For a simple example, for counting unique sequences consider the following input and desired output:

input           output
-----           ------
ATNG            ATNG 2 # Comprised of ATNG and ATCN
ATCN            ANNT 1
ANNT            GTTC 1
GTTC

Notice this task requires comparing strings with wilcards not just in one string, but in both. For example, matching ATCN to ATNG requires that the third and fourth characters both be considered wildcards.

Naively one could pairwise compare the sequences, ignore the positions where either contains an N, and check if all other positions match. However, this quickly becomes intractable as it scales with the square of the number of sequences.

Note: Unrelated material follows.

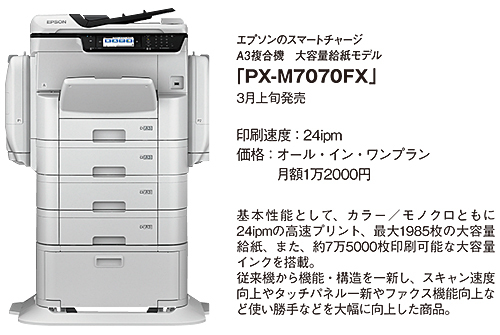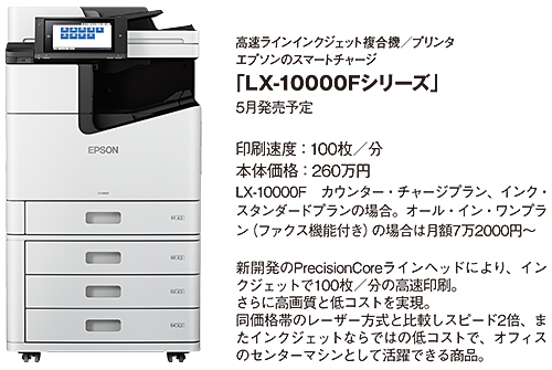 また、2017年2月2日に高速ラインインクジェット複合機/プリンタ「LX-10000Fシリーズ」(100枚/分)、「LX-7000Fシリーズ」(75枚/分)、および「エプソンのスマートチャージ」対応モデル「PX-M7070FX」「PX-S7070X」を発表し、これにより、SOHOからデスクサイド、オフィスのセンターマシンまですべてのオフィスにインクジェットを導入いただけるラインアップが整いました。

cows uses a modified implementation of atrie (cows.trie) to reduce this complexity to scale linearly with the number of sequences.

Provided Data Structures

Below are examples for the data structures included with cows. Please see the documentation in Data Structure Reference for detailed API information.

cows.List

A cows.list is a simple list implementation where insertion functions similarly to the builtin list data structure, but accessor methods take into account ambiguity. For example:

l = cows.List(['ABCD', 'ABC*', '****', 'DEFG'])

print(l.index('D***'))

The print statement outputs 2 since the first match for D*** is at position 2 (with a value of ****).

cows.Set

A cows.set stores unique strings similar to the builtin set data structure. Instead of using hashes for equality checks, the underlying cows.trie is used to check if the pattern being inserted matches any existing member of the set, taking into account wildcards in both. For example:

import cows

s = cows.Set(wildcard='*')
s.add('ABCD')
s.add('*EFG')
s.add('T')
s.add('ABC*')  # Matches ABCD, so not added
s.add('HEF*')  # Matches *EFG, so not added

print(s)

Produces:

cows.Set(['*EFG', 'ABCD', 'T'])

cows.Dict

cows dictionaries are similar to the builtin dict type insofar as they are key/value stores. They have a few key differences, however.

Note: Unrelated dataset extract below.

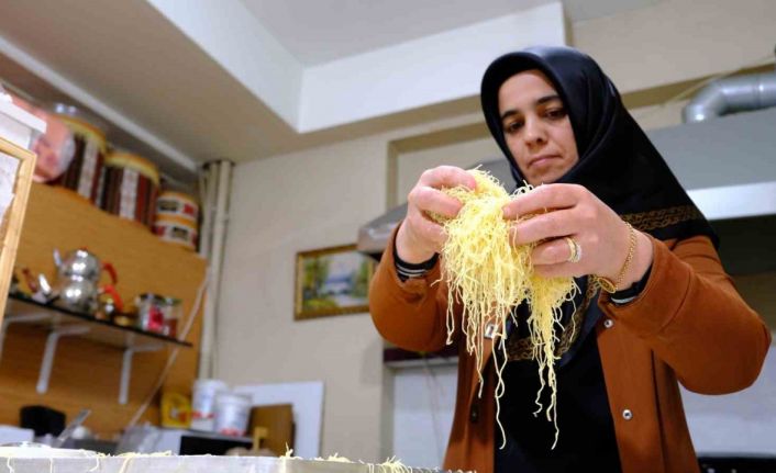 Erzincan’da iftar sofralarının vazgeçilmez lezzeti: “Kesme kadayıf tatlısı”

First, when setting a value, if there is an existing (potentially ambiguous) match already in the dictionary, you can set an updater function to update the existing value rather than simply overwrite it. Further, when inserting a key/value pair, multiple existing keys may match the new key due to ambiguity. Specifying a selector function at instantiation lets you define to which of the matches the updater should be applied.

See cows.dictionary for more detailed information.

import cows

def increment(match, old_value, new_value):
    return old_value + new_value

my_dict = cows.Dict(updater=increment)
my_dict['ABC'] = 1
my_dict['DEF'] = 2
my_dict['AB*'] = 10

for k, v in sorted(my_dict.items()):
    print('{} --> {}'.format(k, v))

Produces:

ABC --> 11
DEF --> 2

cows.Trie

Note

Generally the cows.trie data structure shouldn’t be used directly. Consider using one of its abstractions.

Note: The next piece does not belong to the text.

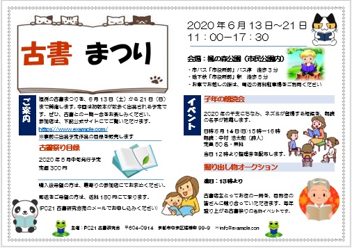 | 2020年7月10日の作品 まこさんの“古書まつり” (使用ソフト:ワード) メールで送られてきました(^^)/ |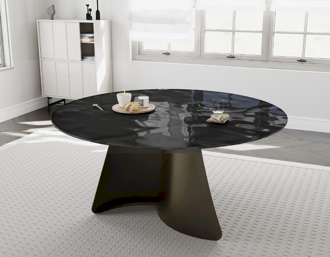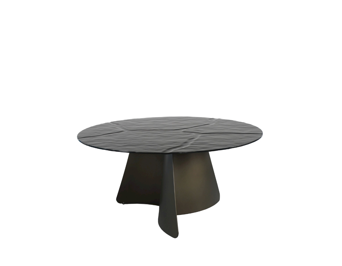 Ploča stola izrađena je od 12 mm debelog stakla, dizajniranog s neravnomjernom teksturom. Kružni oblik stola omogućuje ravnomjeran razmak i dobru interakciju, što ga čini prikladnim i za objedovanje i za sastanke.

All other cows data structures are based on the cows.trie class. It allows for ambiguous queries taking into account wildcards both in the query string and elements in the trie.

An example of it’s use:

import cows

t = cows.Trie()
t['ABCD'] = 1
t['DE*G'] = 5

print('Matches for ABC* {}'.format(list(t.get_matches("ABC*"))))
print('Matches for D*FG {}'.format(list(t.get_matches("D*FG"))))

Outputs:

Matches for ABC* [('ABCD', cows.Trie(D, 1))]
Matches for D*FG [('DE*G', cows.Trie(G, 5))]

Performance

cows is performant, requiring O(n) time for insertions and lookups with an input size of n strings. The naive approach which is currently quite common involves pairwise comparing the sequences in a collection resulting in O(n2), quickly becoming intractable.